第2話

 この世界には魔法という概念が存在する。


 様々な属性があるなか光の魔力を持つものはとても少なく、見つかり次第王都の魔法学園に通うことが定められている。


 シーダルシ王都魔法学園はそのほとんどが貴族で構成された学園だ。

 だが特例として、光の魔力があれば特待生として入学することができる。


 それが――


「前回のテスト、魔法元素記号が全部書けなくて酷い点数だったんですよ……シリル様?」


「……ああ、一年の先生は意地悪な問題ばかり出すからな」


 なぜか向かいあって座っているヒロイン。彼女のことである。


 攻略対象者からの熱烈なお誘いを全て断り、通りがかった俺を勉強に誘うという謎の行為をしでかしたティーネ。


 その時の俺の顔はこれ以上ないほど引きつっていたし、


「あ、ウン」


 みたいなカタコトの蚊がなくような声の返事しかできなかった。にも関わらずティーネは


「ありがとうございます! シリル様とお勉強できるなんて、私……!!」


 なんて感極まったように俺を見つめてくるのだから、悪い気はしないが背後が恐ろしすぎて早急に自室へ帰りたかった。


 まぁ断ったらどうなる事やら、そっちの方が想像するだけで身の毛もよだつ体験になると思うので、冷や汗をダラダラ流しながら肯定の意を返したのだ。


 静まり返った図書館で、古ぼけた 分厚い魔法書をゆっくりめくる。


 年季のある机と椅子に腰掛けた俺は、さっきからしつこいほど話しかけてくるヒロインにうんざりしていた。


 いや……ね。
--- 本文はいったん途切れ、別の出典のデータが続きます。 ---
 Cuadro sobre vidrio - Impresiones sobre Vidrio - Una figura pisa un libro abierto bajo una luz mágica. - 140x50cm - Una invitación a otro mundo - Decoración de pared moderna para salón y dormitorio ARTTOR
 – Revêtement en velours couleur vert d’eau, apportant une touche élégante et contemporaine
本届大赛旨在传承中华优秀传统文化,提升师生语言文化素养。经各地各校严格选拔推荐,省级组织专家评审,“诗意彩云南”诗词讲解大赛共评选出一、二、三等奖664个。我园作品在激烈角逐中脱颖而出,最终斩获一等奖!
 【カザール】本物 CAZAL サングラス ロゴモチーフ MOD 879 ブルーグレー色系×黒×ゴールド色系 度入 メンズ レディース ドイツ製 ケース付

かわいいよ、そりゃあ。だって一つのゲームのヒロインになれて、一国の重役を虜にするんだからリアル傾国の美女じゃん。


 そんな美女に好かれているのを嫌がる男なんていないだろう。

 俺も別に嫌がっているわけではない。むしろ嬉しい。


 だけどさ、俺はコーネリアが真実の愛に憧れ始めた時期から自分が結婚することを諦めたんだ。


 真実の愛なんてクソくらえ。そんなもんに縛られるくらいなら一生独身貫いて養子でもとって、幸せな老後を過ごしてやるって。


 ……それにここは一つのゲームの世界。


 いろんなイケメンキラキラ男を侍らせて、結局はそこら辺の鈍臭いモブと結ばれます……なんてあってはならないのだ。
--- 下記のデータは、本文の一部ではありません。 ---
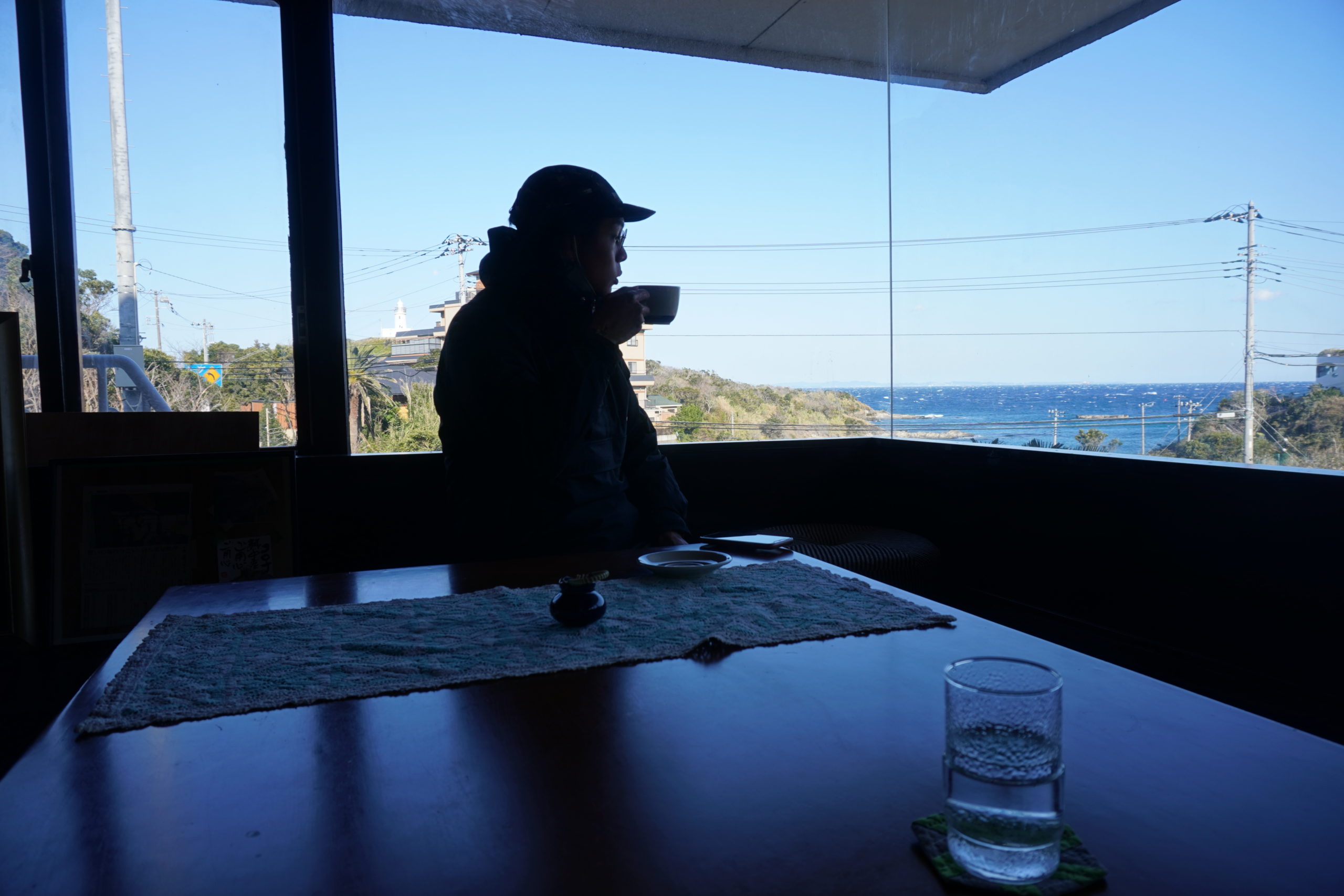 海の景色が綺麗に見えるカフェで、海を眺めつつゆっくりコーヒーを飲むことができました。
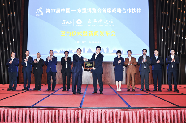 10月30日,第17届中国-东盟博览会首席战略合作伙伴签约仪式暨新闻发布会在广西南宁举行,太平洋建设连续第3年携手东博会,成为第17届东博会首席战略合作伙伴。
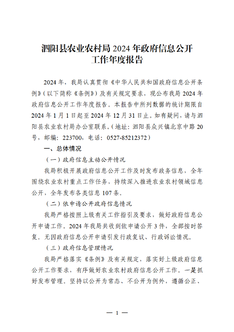 泗陽縣農(nóng)業(yè)農(nóng)村局2024年政府信息公開工作年度報告
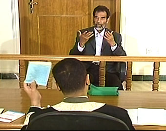 In his first public appearance since he was captured by U.S. forces in December, Saddam defended the invasion of Kuwait as being "for the Iraqi people."
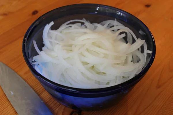 A sharp knife also helps; a dull blade will crush those vacuoles on its way through the onion, releasing more gas than a clean cut would.

 だからできるだけ素っ気ない態度を心がけ、話しかけられても反応は最低限、今なんて本から顔も上げない人としてどうかと思うような対応をしている、のだが……。


「やっぱり! 魔法学のイカつい先生……名前は忘れちゃったけど、居眠りしてるとすぐ頭叩いてくるんです。だからテストも意地悪なんだ……」


「グランデタリー先生な」


 天然なのか計算なのか、ぽやぽやとした言動でふわりと笑いかけてくる。


 ついつっこんでしまったが、名前くらいは覚えてやれよ、担任だろと少しグランデタリー先生が可哀想になってしまった。


 えへへ、グランデタリー先生っていうんですね〜。と、何が楽しいのか終始ぽやぽやしているヒロイン。


 呆れたようにため息をつけば、軽く目を開いて赤面した。

 うん、かわいい。



 すると視界の端にキラリと光るものが見えた。


 咄嗟に本を盾にすれば、ドスッと重い音。


「……ッチ」


 おい誰だよ今舌打ちしたの。ちゃんと聞こえてるからな。


 ヒロインは何があったのか分からないといった様子で首を傾げているが、分厚い魔法書には深々と小ぶりなナイフが刺さっていた。


 ひくりと顔が歪む。ああ、これだからヒロインは嫌なんだ。



 ……そう、さっきのは完全に建前。


 本音としては、ヒロインに激惚れ権力マシマシの攻略対象者様たちに闇討ちされたくないからっていう保身に走った考えをしているから、ヒロインを避けている。


 実行はできていないが、このままだと俺は学園を卒業する前に死ぬんじゃないかと踏んでいる。



 楽しい楽しい乙女ゲームのはずなのに、攻略対象者が全員ヤンデレになっているのは俺のせいだろうか?